Multifamily – Multi Dwelling Market Update

US Multifamily Market Overview

In the third quarter of 2024, the gap between homeownership and rental costs reached an impressive $1,203, marking a 7.6% increase year-over-year. With mortgage interest rates at record highs, renting remains substantially more affordable than buying, a trend unlikely to reverse until rates ease. Homebuying has become especially prohibitive as the average 30-year fixed-rate mortgage now sits at 52.8% above the effective rate on existing mortgage debt. This elevated spread
suggests a limited likelihood of a resurgence in home sales until the disparity between rental and ownership costs narrows.

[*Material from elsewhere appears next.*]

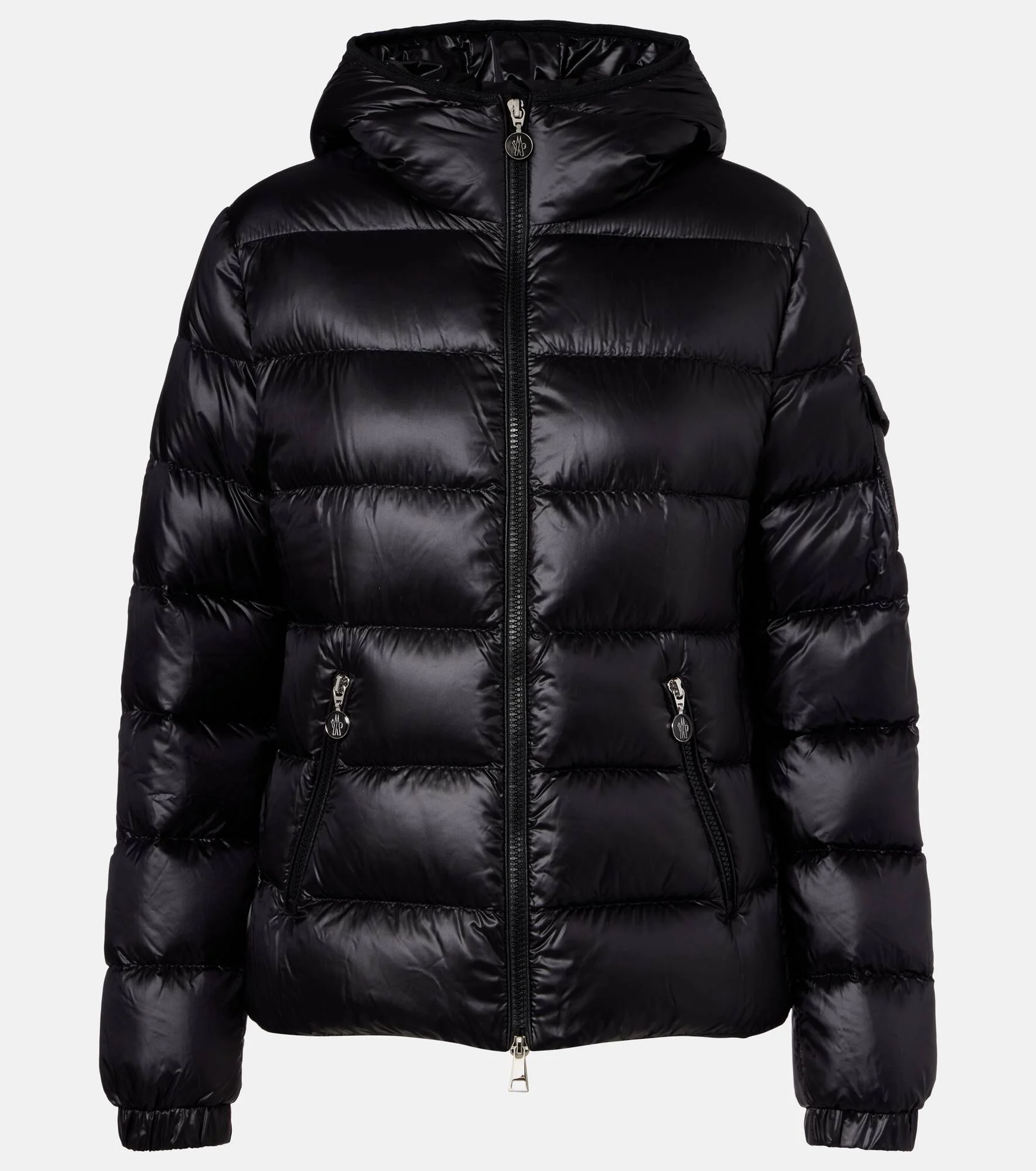 The Moncler Longue Saison achieves an unparalleled lightness, equally suited for cold-weather layering and transeasonal wear. The signature fabric is used to create the Glesse down jacket, a hooded style complete with a zipper fastening and adjustable cuffs. Product Details - Material: 100% polyamide - Care instructions: hand wash - Made in Moldova - Color: black - Designer color name: 999 - Lining: 100% polyamide - Filling: 100% polyester - Filling II: 90% down, 10% feathers - Contains non-textile parts of animal origin - Closure: two-way zipped front - Cuff: elasticated - Pockets: zipped pockets - Item number: P01127399 Size & Fit - Fits small to size - we recommend trying one size larger - Cinched waist - Non-stretchy fabric - Falls to the hip - The model seen in the picture is 178cm-5'10" and wearing a size 1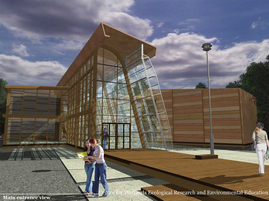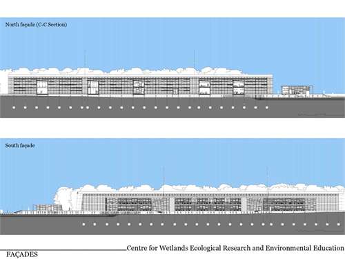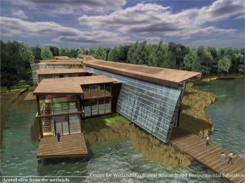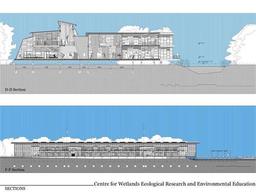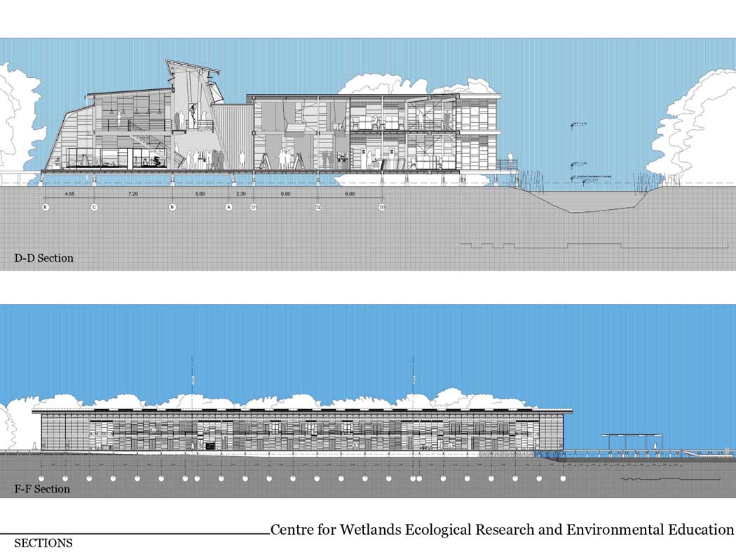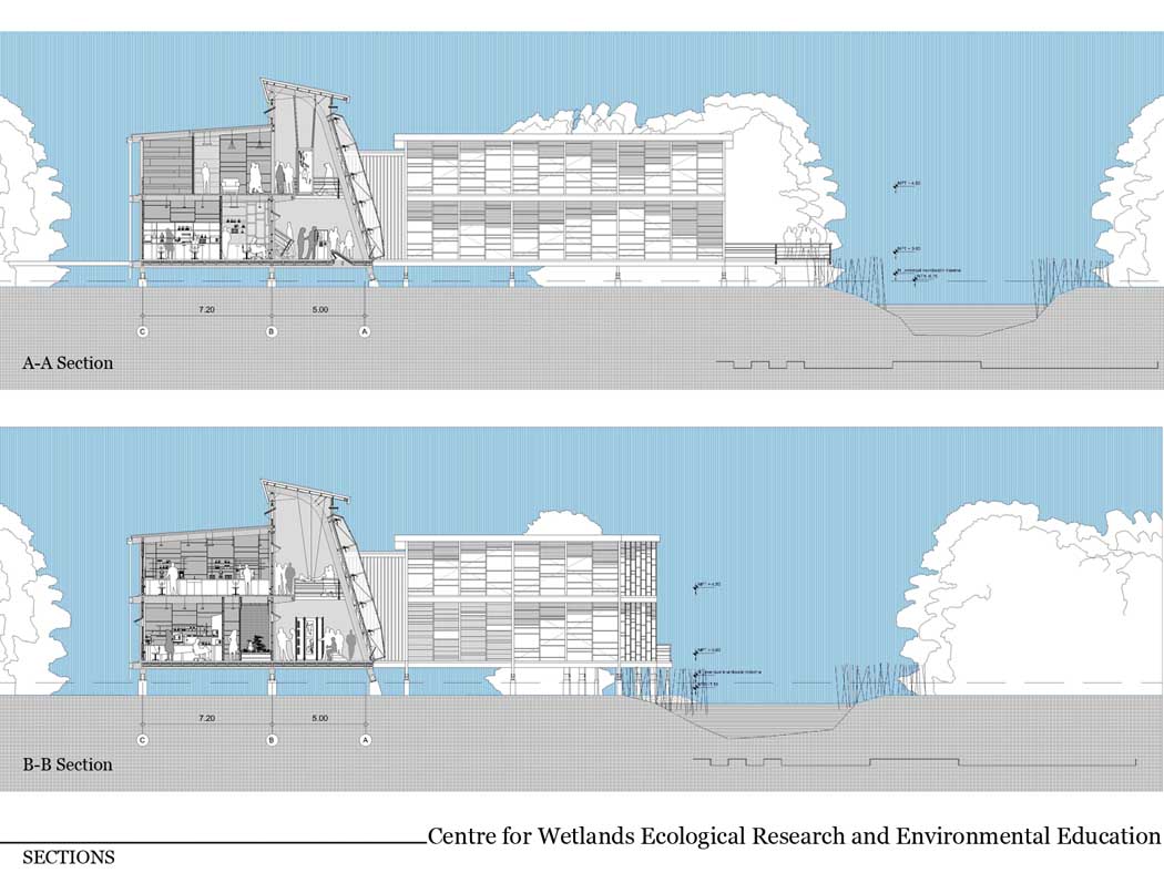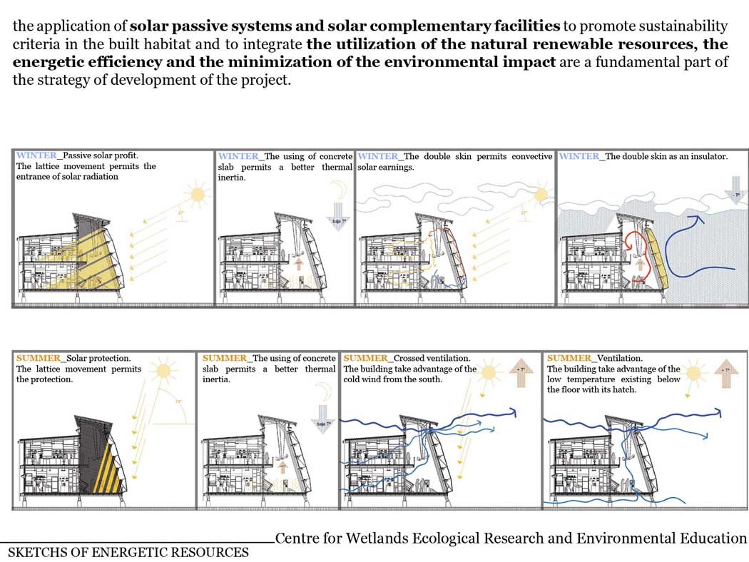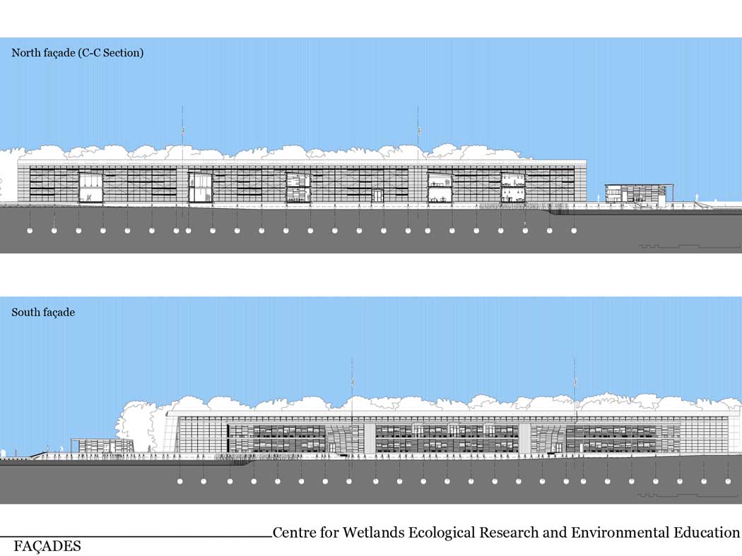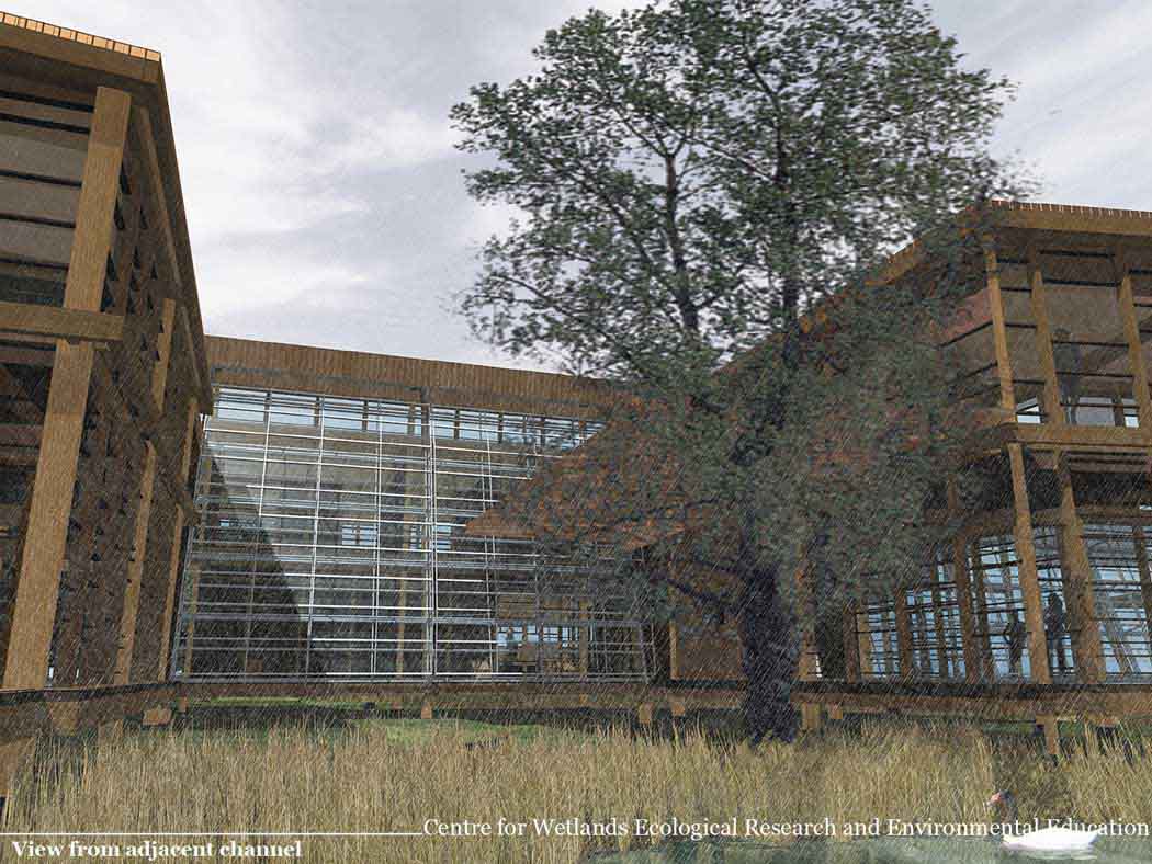 Centre for Wetlands Ecological Research and Environmental Education Part 2 Project 2006 Drago Vodanovic U University of Chile | Chile The project was motivated by the incipient national interest to protect and to investigate natural significant areas, as the wetlands are.Its architectural structure -conceptual, spatial, constructive- implies an important valuation and adjustment to its environment, looking for specific answers for the complex relation nature-edification.The project’s path shape recognizes the different natural strata by it pass and generate the main connector space; the glazed gallery which permits the relation between programmes, users and mainly between architecture and nature. This gallery makes possible the use of natural renewable resources, creating a symbiotic relation between the building and its environment. The project stands out for several reasons; the first one is that it responds to a theme with international importance as the ecological disaster of the Chilean wetlands. That’s why a building of such characteristics supplies needs that the student discovered and designed in a remarkable visionary way.The proposal has a very interesting way to be placed in the landscape, respecting its particular characteristics as well as taking advantage of its potential; which not only stands out in the spatial-form concept, but also in the intelligent development of the constructive design, going further by creating echo-conscious technological systems.

As of this quarter, demand has outpaced supply in 48 of the top 50 U.S. rental markets, the fourth consecutive quarter with such high demand. Strong rental uptake has driven down the national vacancy rate, which peaked at 5.9% in early 2024, to 5.6% by the third quarter, reflecting robust demand despite being 10 basis points higher than a year ago. This stability indicates the beginnings of a balanced market, although vacancy fluctuations remain modest. Sunbelt markets are leading the nation in inventory growth and unit deliveries, with Dallas and Austin at the forefront, followed closely by Atlanta and Houston, each adding approximately 25,000 new units over the past year. However, annual demand as a percentage of inventory reached 2.5% in the third quarter of 2024—a threshold that has been met or
exceeded only six times since 2000 in trailing twelve-month demand.

Rental demand reached 192,649 units in the third quarter, a remarkable 134.6% increase from the prior year and 117.3% higher than the long-term average. The rolling four-quarter demand for rental units has consistently risen for six consecutive quarters, totaling 488,773 units. In tandem, supply saw a record-breaking addition of 162,595 new units, surpassing the prior record of 149,896 units set in the previous quarter. However, projections indicate a deceleration in new unit deliveries through the fourth quarter and into 2025 and 2026.